A propósito, assim entendeu este Sodalício no julgamento da Consulta E-1.907/99:

SESSÃO DE 22 DE JULHO DE 1999

EXERCÍCIO DA ADVOCACIA – COMISSÃO DE JULGAMENTO DE LICITAÇÕES – INEXISTÊNCIA DE INCOMPATIBILIDADE E/OU IMPEDIMENTO PARA O EXERCÍCIO DA ADVOCACIA

Advogado, integrante ou não de sociedade civil de prestação de serviço de advocacia, e que participe como membro de Comissão de Julgamento de Licitações, ainda que a presidindo, não sofre nenhuma restrição estatutária ou ética em seu exercício profissional, quanto as incompatibilidades e impedimentos, desde que não verse o seu mister sobre atos da própria comissão da qual participou.

Proc. E-1.907/99 – v.u. em 22/07/99 do parecer e voto do Rel. Dr. CLODOALDO RIBEIRO MACHADO – Rev. Dr. JOÃO TEIXEIRA GRANDE – Presidente Dr. ROBISON BARONI.

Quanto ao exercício da função de pregoeiro, entendemos se equiparar, em termos de poder de decisão sobre interesse de terceiros, à de Presidente da Comissão de Licitações, diante do disposto no inciso IV do artigo 3º da Lei nº 10.520, de 17 de julho de 2002, que institui, no âmbito da União, Estados, Distrito Federal e Municípios, nos termos do art. 37, inciso XXI, da Constituição Federal, modalidade de licitação denominada pregão:

IV - a autoridade competente designará, dentre os servidores do órgão ou entidade promotora da licitação, o pregoeiro e respectiva equipe de apoio, cuja atribuição inclui, dentre outras, o recebimento das propostas e lances, a análise de sua aceitabilidade e sua classificação, bem como a habilitação e a adjudicação do objeto do certame ao licitante vencedor.

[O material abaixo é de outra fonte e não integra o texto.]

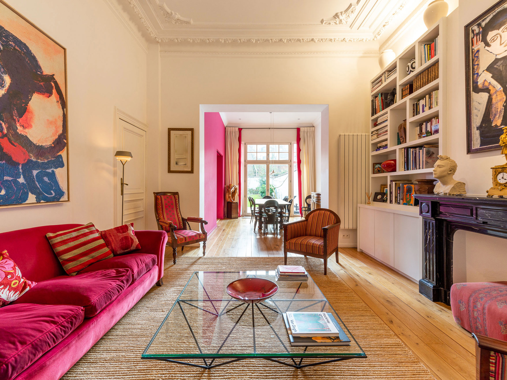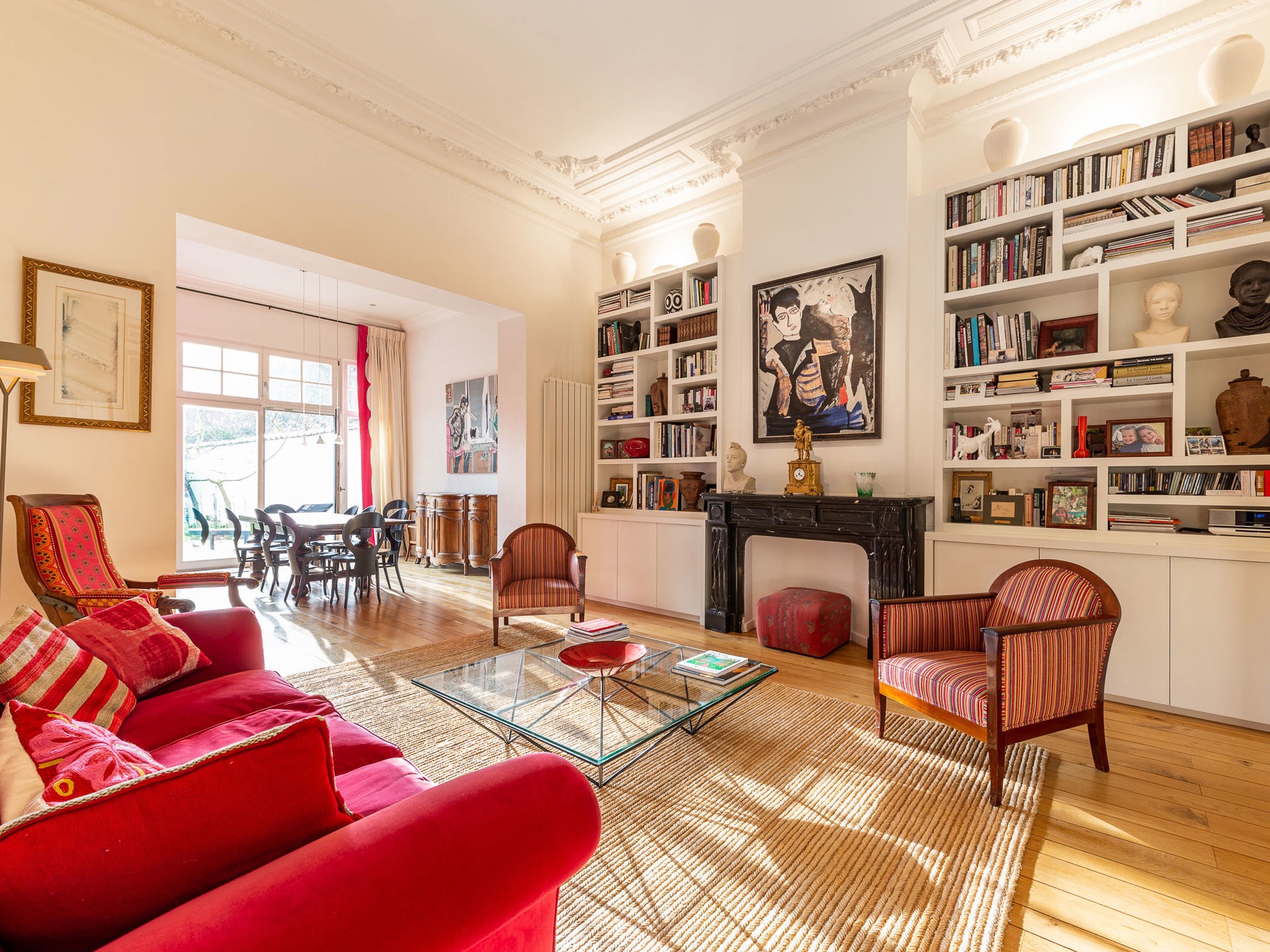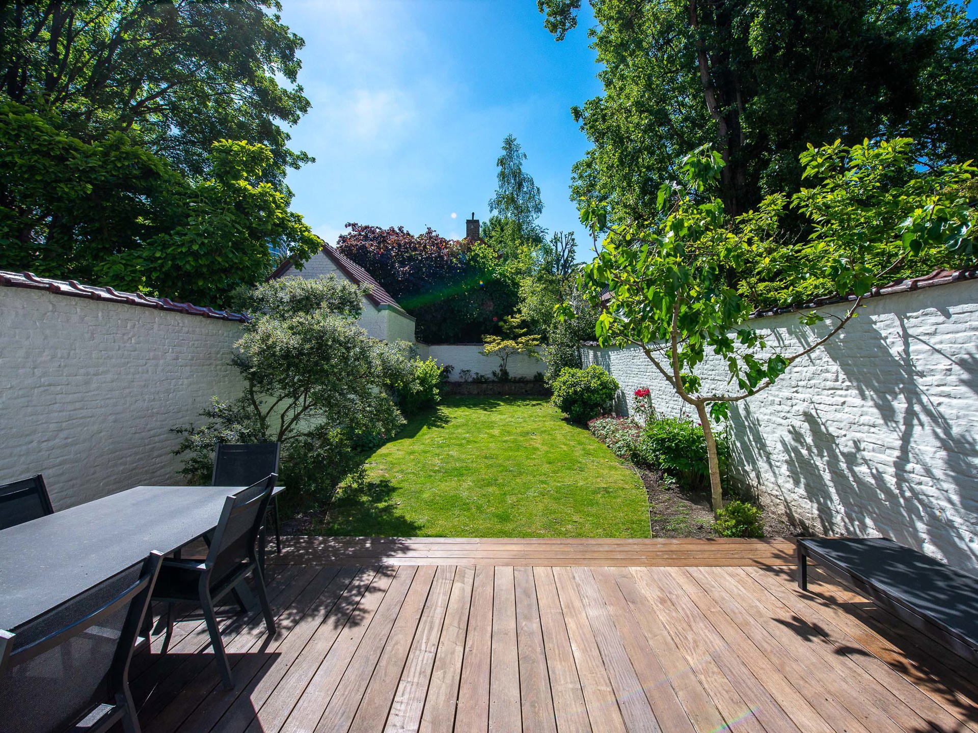 Ideally located on a quiet street between the Châtelain district and Place Stéphanie, this elegant neoclassical townhouse, with a gross floor area of approximately 369 m² according to the Energy Performance Certificate (EPC), was built at the end of the 19th century. Completely renovated in 2011, it offers five bedrooms and a pleasant southwest-facing city garden. The house opens onto a spacious entrance hall leading to beautiful reception rooms with a fireplace, a living room, and a dining room with access to the terrace and garden. The open-plan kitchen harmoniously complements this welcoming living space. On the first floor, the master suite comprises a dressing room, a full bathroom, a sitting room, and a bedroom overlooking the garden. On the second floor, two spacious bedrooms share a separate shower room. The third floor offers a bedroom with an en-suite bathroom, a kitchenette, and an attic space. The house has retained its magnificent period features (moldings and high ceilings) which blend perfectly with more contemporary finishes. Other: cellars, alarm system, double glazing, water softener, electric shutters, and air conditioning in the master bedroom. EPC: F The Châtelain area is particularly sought after for its proximity to the city center and the Bois de la Cambre park. For further information, please contact Mélody Bingoni at +32 (0) 2 640 08 01.

Na verdade, o pregoeiro, a par de exercer funções relevantes, não homologa a licitação, não decidindo, portanto, o certame, o que caberá à autoridade legalmente investida desse poder, como dispõe o artigo 4º, inciso VII, da referida lei federal:

Art. 4º A fase externa do pregão será iniciada com a convocação dos interessados e observará as seguintes regras:

.....................................

XXII - homologada a licitação pela autoridade competente, o adjudicatário será convocado para assinar o contrato no prazo definido em edital;

Isto posto, entendemos que o exercício do cargo de Agente de Licitação e Contratos e das funções de Presidente e Membro da Comissão de Licitações e de Pregoeiro não induzem, por si sós, incompatibilidade para o exercício da advocacia, mas hipótese de impedimento, no âmbito da respectiva Administração (art. 30, I do EAOAB) em especial, sob o aspecto ético, quanto aos atos e participantes da própria licitação da qual participou, a fim de preservar o sigilo profissional e evitar a captação ou angariação de causas e clientes.